Où on va, papa ?

Jusqu'à ce jour, je n'ai jamais parlé de mes deux
garçons. Pourquoi ? J'avais honte ? Peur qu'on me
plaigne ?
Tout cela un peu mélangé. Je crois, surtout, que
c'était pour échapper à la question terrible :
«Qu'est-ce qu'ils font ?»
Aujourd'hui que le temps presse, que la fin du
monde est proche et que je suis de plus en plus
biodégradable, j'ai décidé de leur écrire un livre.
Pour qu'on ne les oublie pas, qu'il ne reste pas
d'eux seulement une photo sur la carte
d'invalidité. Peut-être pour dire mes remords.
Je n'ai pas été un très bon père. Souvent, je ne
les supportais pas. Avec eux, il fallait une
patience d'ange, et je ne suis pas un ange.

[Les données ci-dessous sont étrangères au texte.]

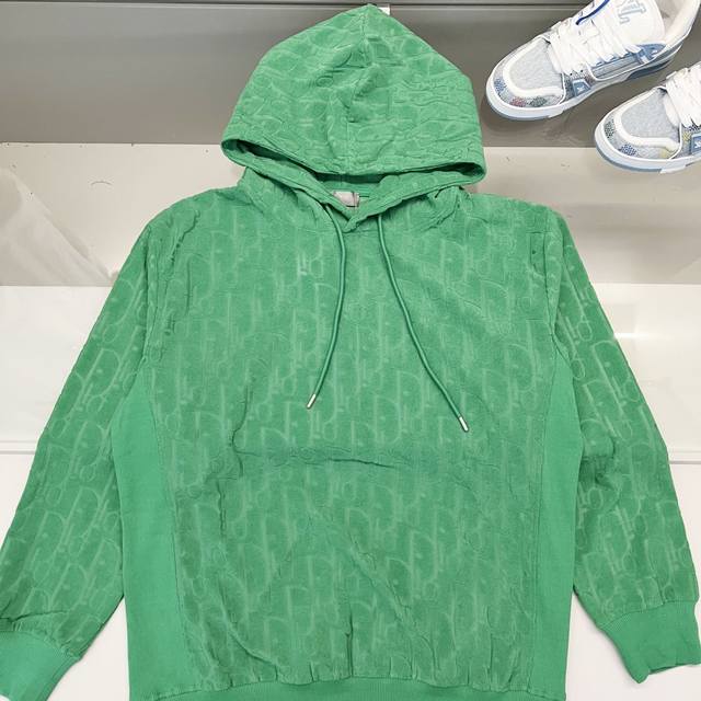 Dior 420g Custom Jacquard Fabric Hooded Sweatshirt, Classic Style, Monogram Pattern, Subtle Logo, Jacquard Label, Official High-Quality Version, Stylish, Versatile, Trendy, Pure Original Quality Fabric, Complete with Hangtag, Neck Label, Washing Label, and Three Tags, Colors: Black, White, Royal Blue, Green, Light Blue, Brown. Sizes: XS-L.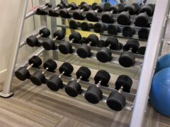 Dumbbells go up to 50 lbs/22 kgs and there’s an adjustable bench well.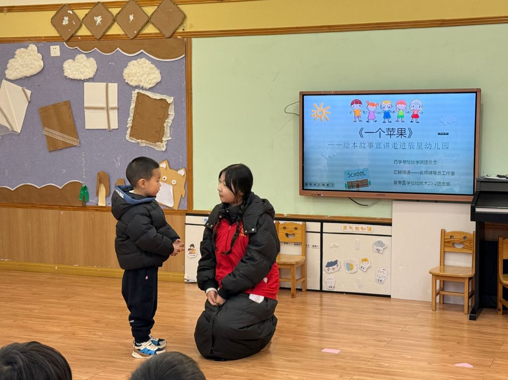 本次活动由太阳成集团tyc234cc团总支副书记曾晓梅带队。活动现场,各团支部成员满怀热情与耐心,为孩子们带来了一场精彩纷呈的绘本之旅。红色经典爱国主义绘本《一个苹果》、动物科普绘本《谁的尾巴掉了》绘本在同学们生动的讲述下,仿佛变成了一个个充满奇幻色彩的世界,牢牢吸引着孩子们的目光。

Grâce à eux, j'ai eu des avantages sur les
parents d'enfants normaux. Je n'ai pas eu de
soucis avec leurs études ni leur orientation
professionnelle. Nous n'avons pas eu à hésiter
entre filière scientifique et filière littéraire. Pas
eu à nous inquiéter de savoir ce qu'ils feraient
plus tard, on a su rapidement que ce serait : rien.
Et surtout, pendant de nombreuses années, j'ai
bénéficié d'une vignette automobile gratuite.
Grâce à eux, j'ai pu rouler dans des grosses
voitures américaines.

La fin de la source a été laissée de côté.